In `scrapeQuotes()`, initialize a new `HttpBrowser` object:

```php
$browser = new HttpBrowser(HttpClient::create());
```

`HttpBrowser` allows you to make HTTP requests while mimicking browser behavior, including cookie and session handling. However, it does not execute requests in a real browser.

Use the `request()` method to perform an HTTP GET request to the target URL:

```php
$crawler = $browser->request('GET', 'https://quotes.toscrape.com/');
```

The result will be a [`Crawler`](https://github.com/symfony/symfony/blob/7.1/src/Symfony/Component/DomCrawler/Crawler.php) object, which automatically parses the HTML document returned by the server. This class also provides node selection and data extraction capabilities.

You can verify that the above logic works by extracting the HTML of the page from the crawler:

```
$html = $crawler->outerHtml();
```

For testing, make your API return this data.
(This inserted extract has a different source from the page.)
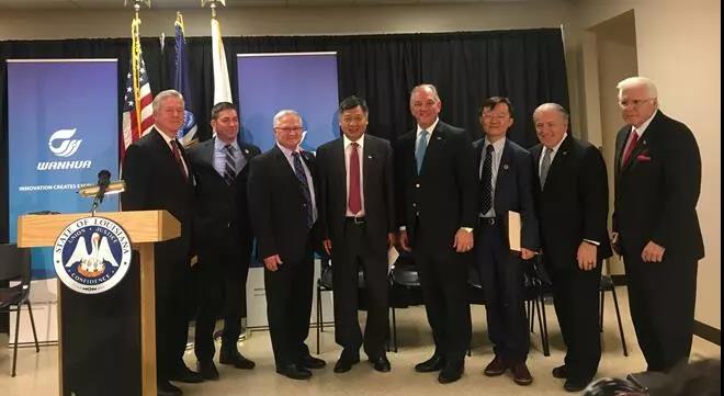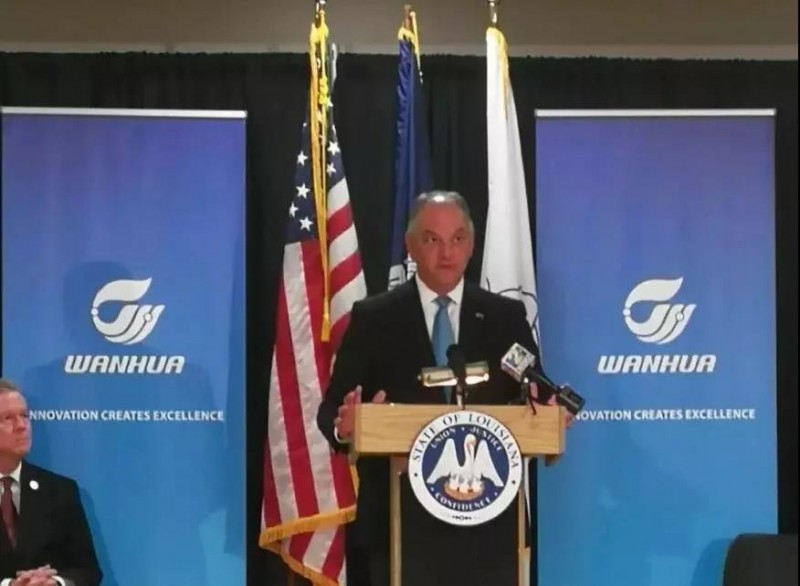 美国当地时间11月16日下午,在路易斯安那政府官员、驻休斯敦总领事馆总领事、当地社区及客户代表的共同见证下,万华化学集团股份有限公司副总裁、Wanhua Chemical US Operations LLC CEO华卫琦博士与路易斯安那州州长约翰·爱德华兹先生共同宣布,万华化学美国MDI一体化项目将正式落户路易斯安那州St. James区Convent市。

Your `scrapeQuotes()` function will now look like this:

```php
public function scrapeQuotes(): JsonResponse

{

// initialize a browser-like HTTP client

$browser = new HttpBrowser(HttpClient::create());

// download and parse the HTML of the target page

$crawler = $browser->request('GET', 'https://quotes.toscrape.com/');

// get the page outer HTML and return it

$html = $crawler->outerHtml();

return response()->json($html);

}
```

Your API will now return:

```html

Quotes to Scrape

```

**Step 5: Inspect the page content**

To define the extraction logic, inspect the HTML structure of the target page.

1. Open [Quotes To Scrape](https://quotes.toscrape.com/).
2. Right-click a quote element and select **Inspect** in DevTools.
3. Expand the HTML and examine its structure:

![Inspecting the quote elements](https://github.com/luminati-io/laravel-web-scraping/blob/main/images/687474~3.PNG)
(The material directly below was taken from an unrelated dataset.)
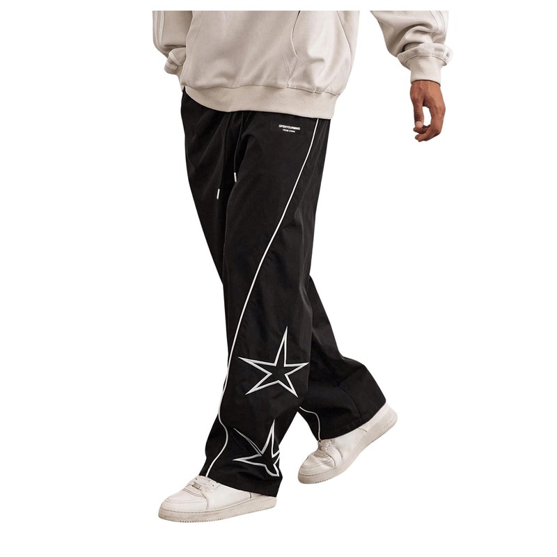 - Design: Star print, letter patched, drawstring waist, elastic waist, straight leg, loose fit, pocket

Each `.quote` element contains:
- A `.text` node for the quote text
- An `.author` node for the author’s name
- Multiple `.tag` nodes for associated tags

With these [CSS selectors](https://developer.mozilla.org/en-US/docs/Web/CSS/CSS_Selectors), you can now extract the desired data in Laravel.

**Step 6: Get ready to perform web scraping**

Create a data structure where to store the scraped data. Use an array for that:

```php
quotes = []
```

Now use the `filter()` method from the `Crawler` class to select all quote elements:

```php
$quote_html_elements = $crawler->filter('.quote');
```

This returns all DOM nodes on the page that match the specified `.quote` CSS selector.

Next, iterate over them and get ready to apply the data extraction logic on each of them:

```php
foreach ($quote_html_elements as $quote_html_element) {

// create a new quote crawler

$quote_crawler = new Crawler($quote_html_element);

// scraping logic...

}
```

The `DOMNode` objects returned by `filter()` lack node selection methods. To work around this, create a local `Crawler` instance scoped to the specific HTML quote element.

For the code to function correctly, add the following import:

```php
use Symfony\Component\DomCrawler\Crawler;
```

**Step 7: Implement data scraping**

Inside the `foreach` loop:

1. Extract the data of interest from the `.text`, `.author`, and `.tag` elements
2. Populate a new `$quote` object with them
3. Add the new `$quote` object to `$quotes`

First, select the .text element inside the HTML quote element. Then, use the `text()` method to extract the inner text from it:

```php
$text_html_element = $quote_crawler->filter('.text');

$raw_text = $text_html_element->text();
```

Each quote is enclosed by the `\u201c` and `\u201d` special characters. You can remove them using the [`str_replace()`](https://www.php.net/manual/en/function.str-replace.php) PHP function as follows:

```php
$text = str_replace(["\u{201c}", "\u{201d}"], '', $raw_text);
```

Similarly, scrape the author info with this code:

```php
$author_html_element = $quote_crawler->filter('.author');

$author = $author_html_element->text();
```

Scraping the tags can be challenging. Since a single quote can have multiple tags, you need to define an array and scrape each tag individually:

```php
$tag_html_elements = $quote_crawler->filter('.tag');

$tags = [];

foreach ($tag_html_elements as $tag_html_element) {

$tag = $tag_html_element->textContent;

$tags[] = $tag;

}
```

Note that the `DOMNode` elements returned by `filter()` do not expose the `text()` method. Equivalently, they provide the `textContent` attribute.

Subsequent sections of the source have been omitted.